Fetva Usulü
FETVA
Fetva önemli bir sorumluluktur.
Bilgi birikimi, usül bilgisi ve konu hakimiyeti gerektirir.
Fetva verirken “Kitap ve Sünnet’e uyma” hassâsiyetini yitirerek “kitabına uydurma” arayışına giren her insan iki cihan saadetini kaybetmeye mahkum olur.
“Yarım doktor candan, yarım hoca dinden eder.” şeklinde halkımızın diline yerleşmiş olan ve ulu orta din pazarcılarını da kapsayan ifadeyi her an, her yerde, iki kitap okumayı ilim ve kendini âlim sanan, kahvede, çarşıda, pazarda, ayaküstü muhabbetlerinde, dedikodu meclislerinde, günah pazarlanan mekanlarda… keyfi fetva veren herkesin düşünmesi gerekir..

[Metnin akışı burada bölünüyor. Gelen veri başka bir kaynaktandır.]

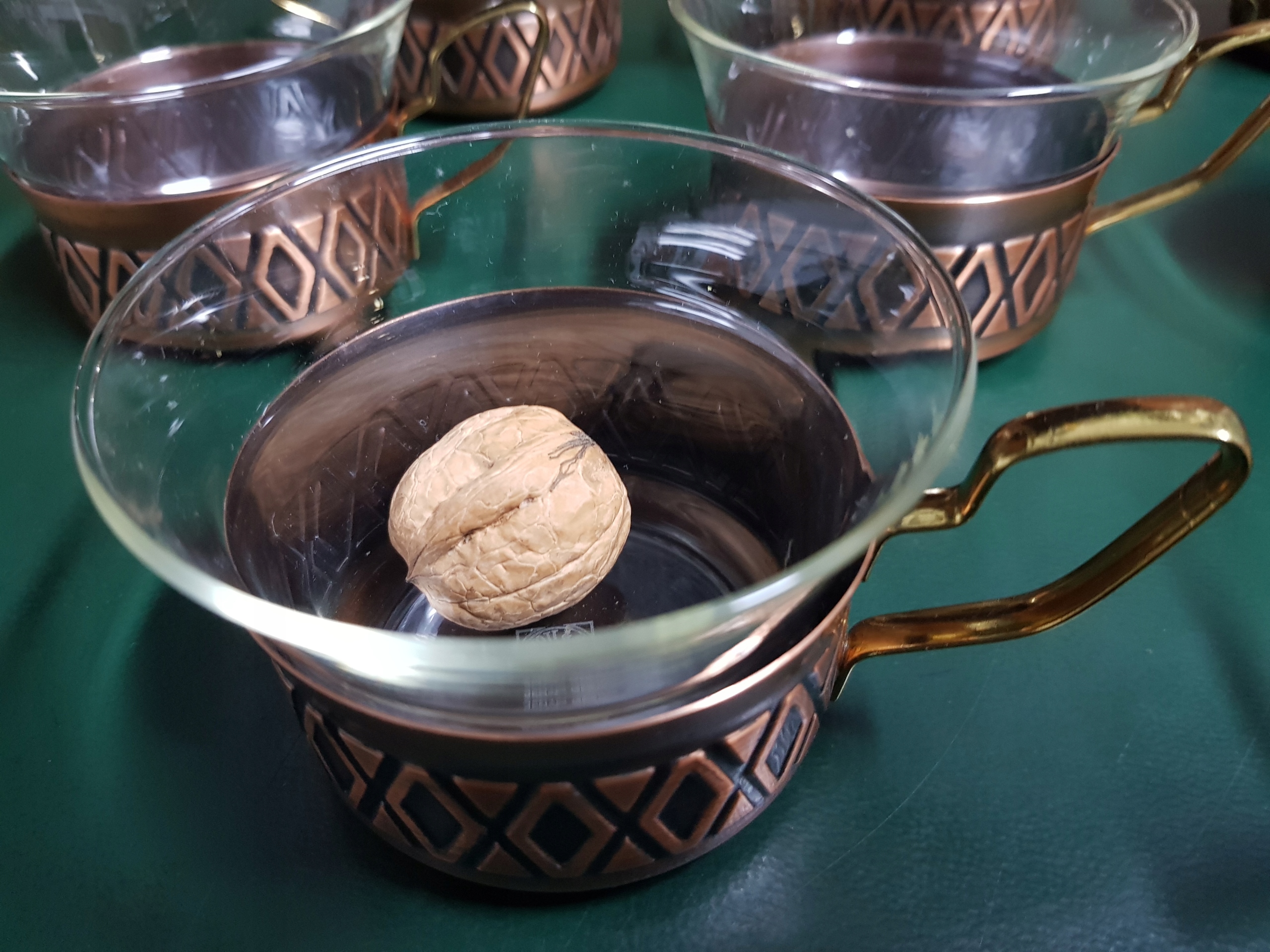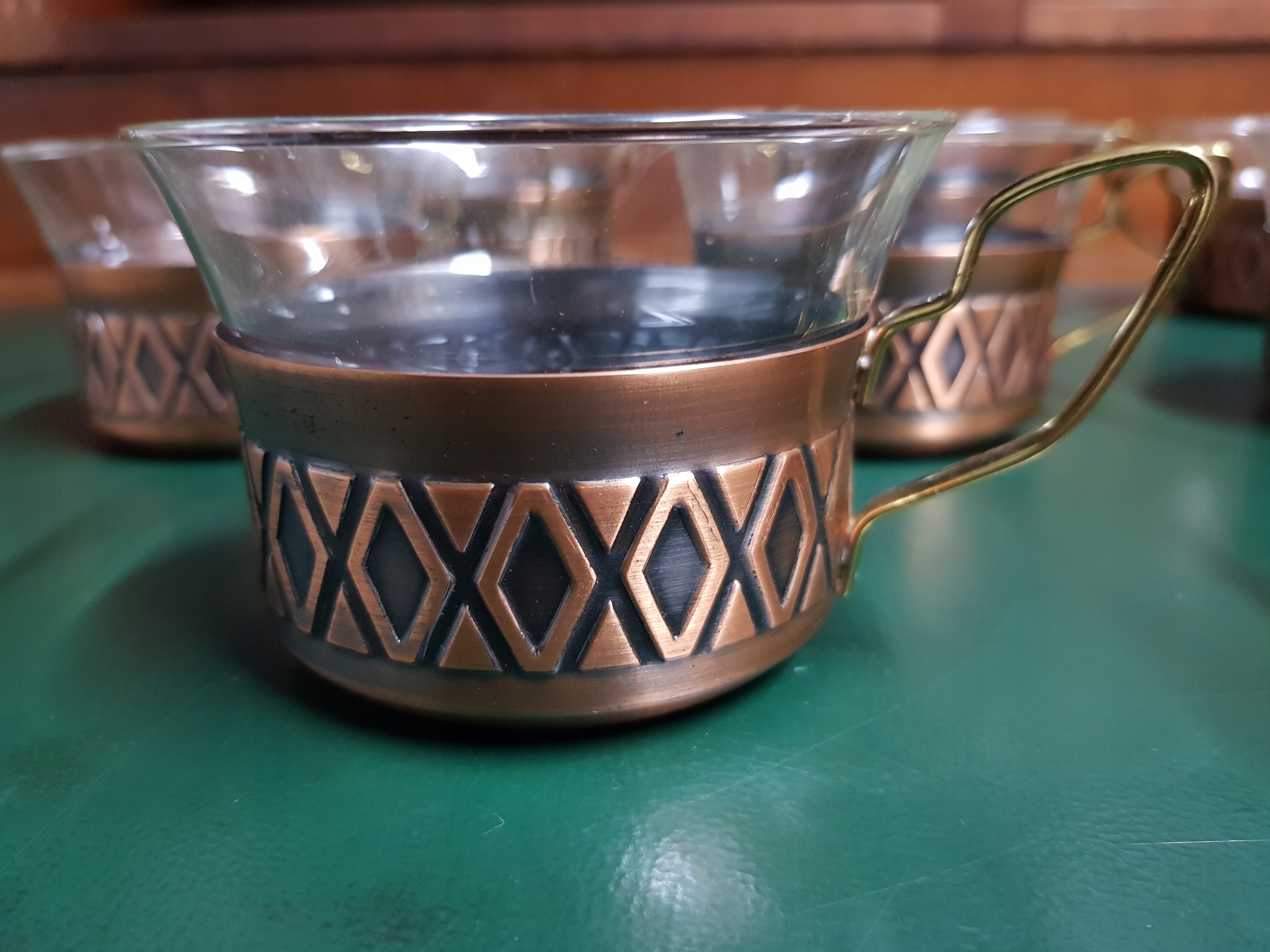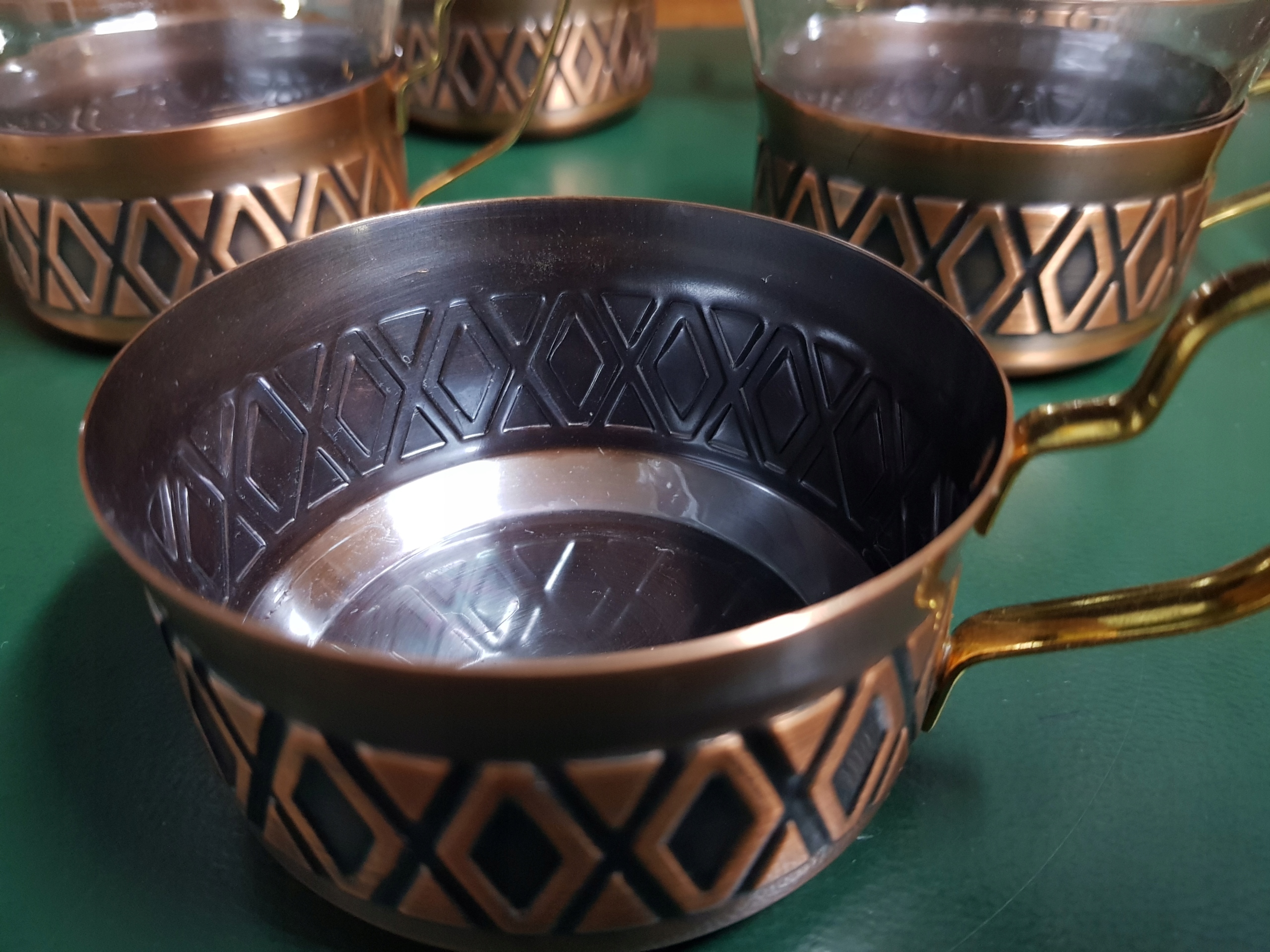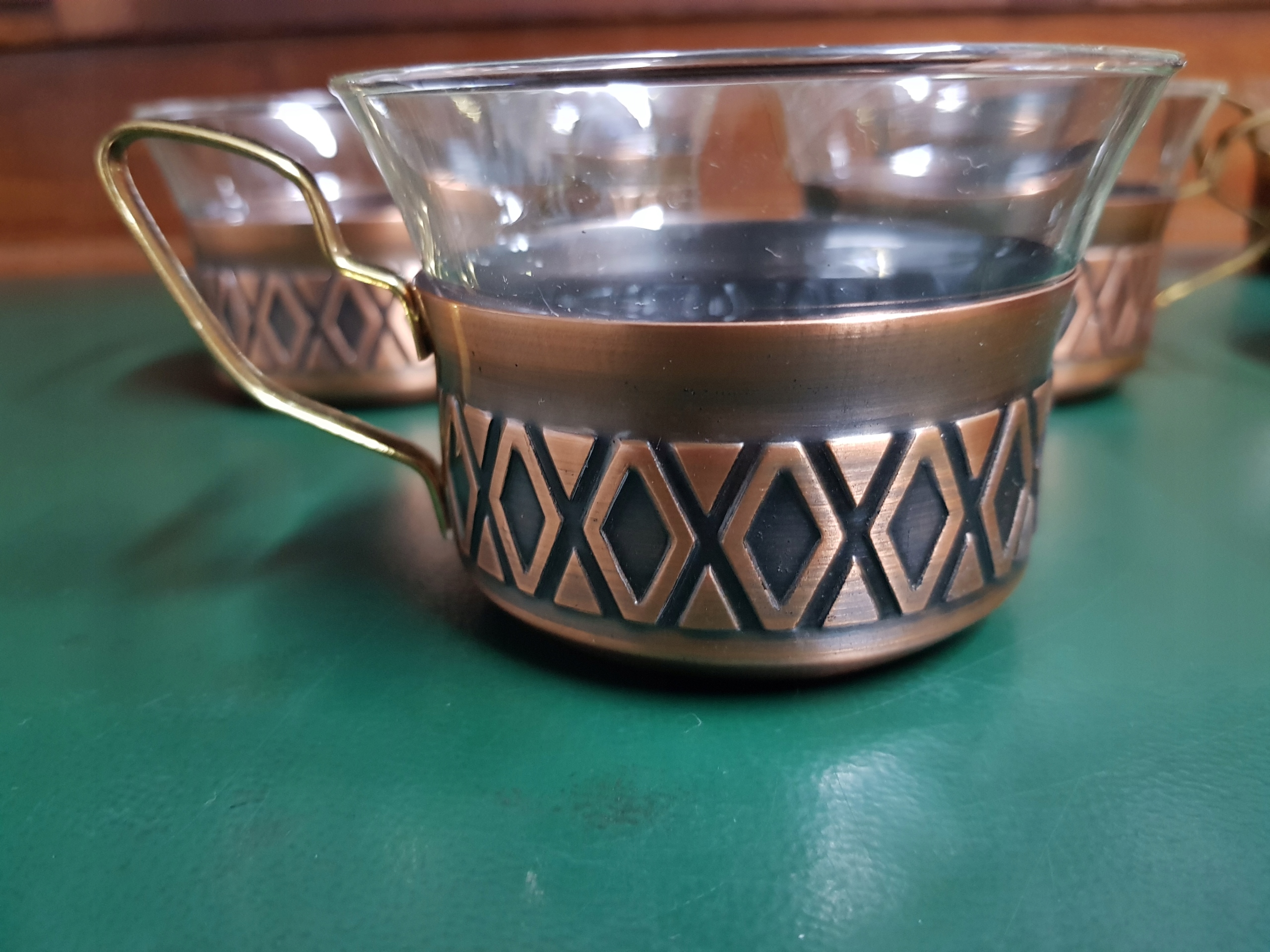 Предмет аукциона — 8 стаканов в медных корзинах.

Günümüzde doğru fetva verenler olacağı gibi yanlış fetva verenler de mutlaka bulunacaktır. Mükellefe düşen sorduğu konuda araştırma yapmasıdır. Fetva verenin neye, kime, hangi delillerle fetva vermiş bakacak ve vicdan muhasebesi yapacaktır.
Her fetvanın bir usul ve adabı vardır.
Alimlerimiz derler ki “Usul bilmeyenin Fetvasına itibar edilmez”
Vâbısa b. Mabed adındaki bir sahabî diyor ki, Hz. Muhammed sallallahu aleyhi ve sellem’e gittim buyurdu ki; “iyilikten ve günahtan sormak için mi geldin?”
Evet, dedim.
Parmaklarını bir araya getirerek göğsüne vurdu ve üç kere şöyle dedi:
“Nefsine danış, kalbine danış Vâbısa İyilik, nefsin yatıştığı, kalbin yatıştığı şeydir. Günah da içe dokunan ve göğüste tereddüt doğuran şeydir. İsterse insanlar sana fetva vermiş, yaptığını uygun bulmuş olsunlar.”